-- Exercise --
All entries below must be written out verbatim, and the images must be dropped.

-- Records for processing --
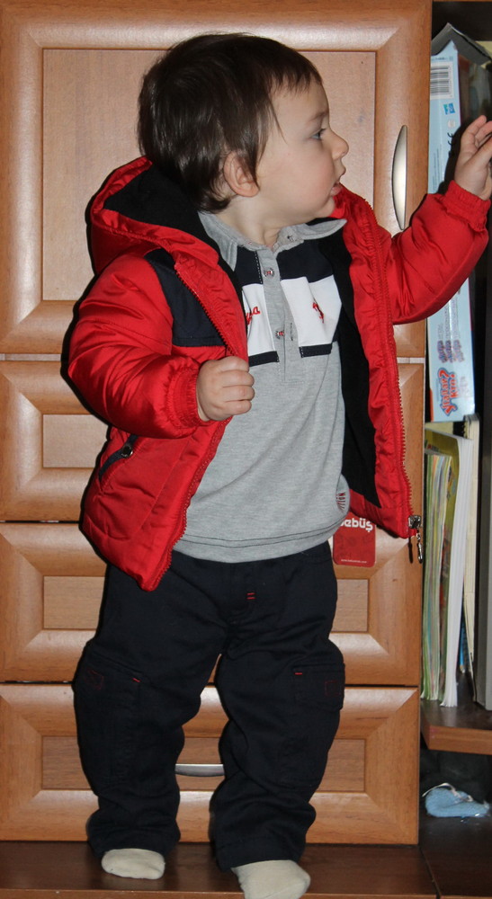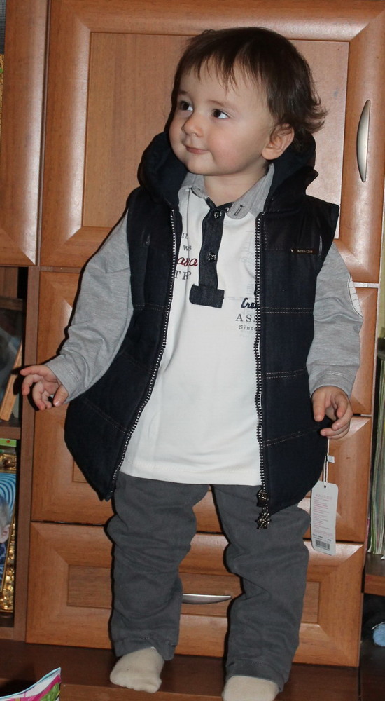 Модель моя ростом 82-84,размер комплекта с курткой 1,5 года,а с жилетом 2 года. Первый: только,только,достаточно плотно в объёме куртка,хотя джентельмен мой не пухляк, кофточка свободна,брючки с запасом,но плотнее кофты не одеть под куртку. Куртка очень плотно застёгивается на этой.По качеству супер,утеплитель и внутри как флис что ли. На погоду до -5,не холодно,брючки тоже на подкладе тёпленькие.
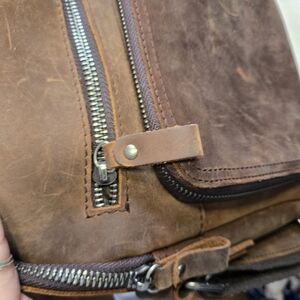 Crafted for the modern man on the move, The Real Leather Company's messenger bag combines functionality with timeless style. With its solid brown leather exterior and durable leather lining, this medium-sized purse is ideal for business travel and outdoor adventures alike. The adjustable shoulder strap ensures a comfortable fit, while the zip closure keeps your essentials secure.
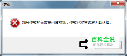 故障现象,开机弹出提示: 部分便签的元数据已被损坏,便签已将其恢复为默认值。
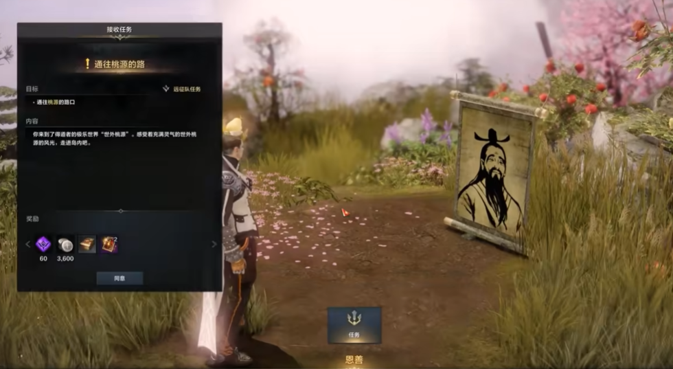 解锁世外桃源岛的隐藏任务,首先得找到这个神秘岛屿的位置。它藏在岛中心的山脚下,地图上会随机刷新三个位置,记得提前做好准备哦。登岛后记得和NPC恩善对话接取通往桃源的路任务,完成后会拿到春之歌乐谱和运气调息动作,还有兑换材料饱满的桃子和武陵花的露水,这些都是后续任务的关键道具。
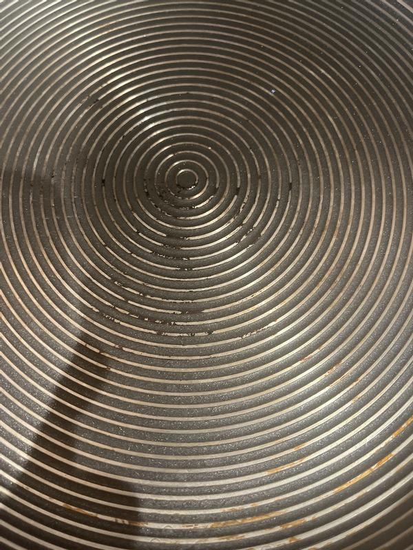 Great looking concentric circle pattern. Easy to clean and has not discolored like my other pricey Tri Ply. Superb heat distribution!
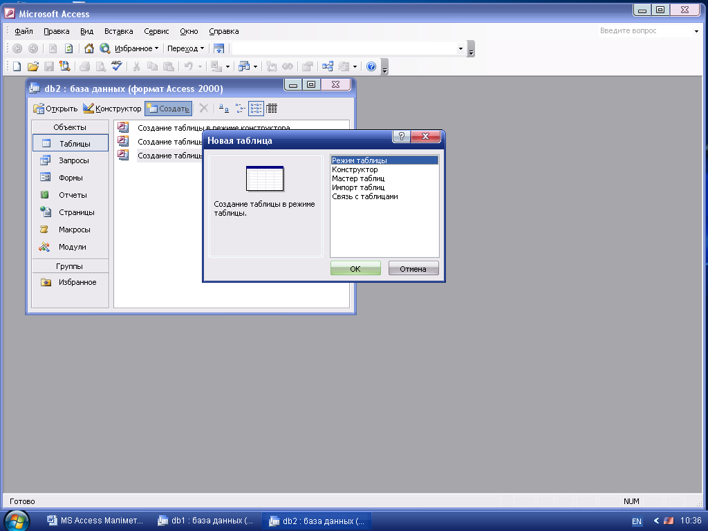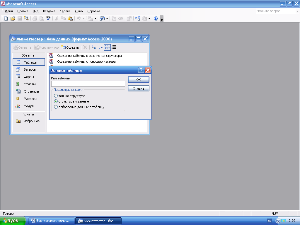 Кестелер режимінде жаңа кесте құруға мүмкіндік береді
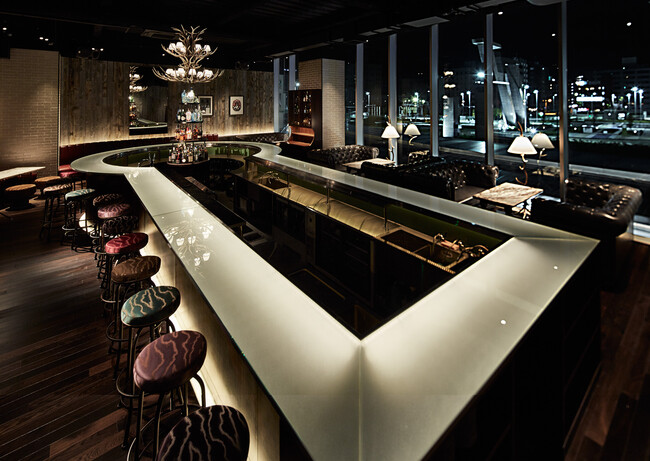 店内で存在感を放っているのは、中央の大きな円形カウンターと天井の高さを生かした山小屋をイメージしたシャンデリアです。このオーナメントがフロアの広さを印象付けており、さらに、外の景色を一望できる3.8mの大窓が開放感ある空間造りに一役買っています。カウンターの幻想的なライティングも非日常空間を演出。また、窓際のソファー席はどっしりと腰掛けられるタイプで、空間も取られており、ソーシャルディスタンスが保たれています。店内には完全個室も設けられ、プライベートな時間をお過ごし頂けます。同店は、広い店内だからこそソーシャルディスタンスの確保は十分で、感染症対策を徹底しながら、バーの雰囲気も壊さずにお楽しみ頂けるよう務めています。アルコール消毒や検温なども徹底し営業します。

-- Response below --
 Модель моя ростом 82-84,размер комплекта с курткой 1,5 года,а с жилетом 2 года. Первый: только,только,достаточно плотно в объёме куртка,хотя джентельмен мой не пухляк, кофточка свободна,брючки с запасом,но плотнее кофты не одеть под куртку. Куртка очень плотно застёгивается на этой.По качеству супер,утеплитель и внутри как флис что ли. На погоду до -5,не холодно,брючки тоже на подкладе тёпленькие.
 Crafted for the modern man on the move, The Real Leather Company's messenger bag combines functionality with timeless style. With its solid brown leather exterior and durable leather lining, this medium-sized purse is ideal for business travel and outdoor adventures alike. The adjustable shoulder strap ensures a comfortable fit, while the zip closure keeps your essentials secure.
 故障现象,开机弹出提示: 部分便签的元数据已被损坏,便签已将其恢复为默认值。
 解锁世外桃源岛的隐藏任务,首先得找到这个神秘岛屿的位置。它藏在岛中心的山脚下,地图上会随机刷新三个位置,记得提前做好准备哦。登岛后记得和NPC恩善对话接取通往桃源的路任务,完成后会拿到春之歌乐谱和运气调息动作,还有兑换材料饱满的桃子和武陵花的露水,这些都是后续任务的关键道具。
 Great looking concentric circle pattern. Easy to clean and has not discolored like my other pricey Tri Ply. Superb heat distribution!
 Кестелер режимінде жаңа кесте құруға мүмкіндік береді
 店内で存在感を放っているのは、中央の大きな円形カウンターと天井の高さを生かした山小屋をイメージしたシャンデリアです。このオーナメントがフロアの広さを印象付けており、さらに、外の景色を一望できる3.8mの大窓が開放感ある空間造りに一役買っています。カウンターの幻想的なライティングも非日常空間を演出。また、窓際のソファー席はどっしりと腰掛けられるタイプで、空間も取られており、ソーシャルディスタンスが保たれています。店内には完全個室も設けられ、プライベートな時間をお過ごし頂けます。同店は、広い店内だからこそソーシャルディスタンスの確保は十分で、感染症対策を徹底しながら、バーの雰囲気も壊さずにお楽しみ頂けるよう務めています。アルコール消毒や検温なども徹底し営業します。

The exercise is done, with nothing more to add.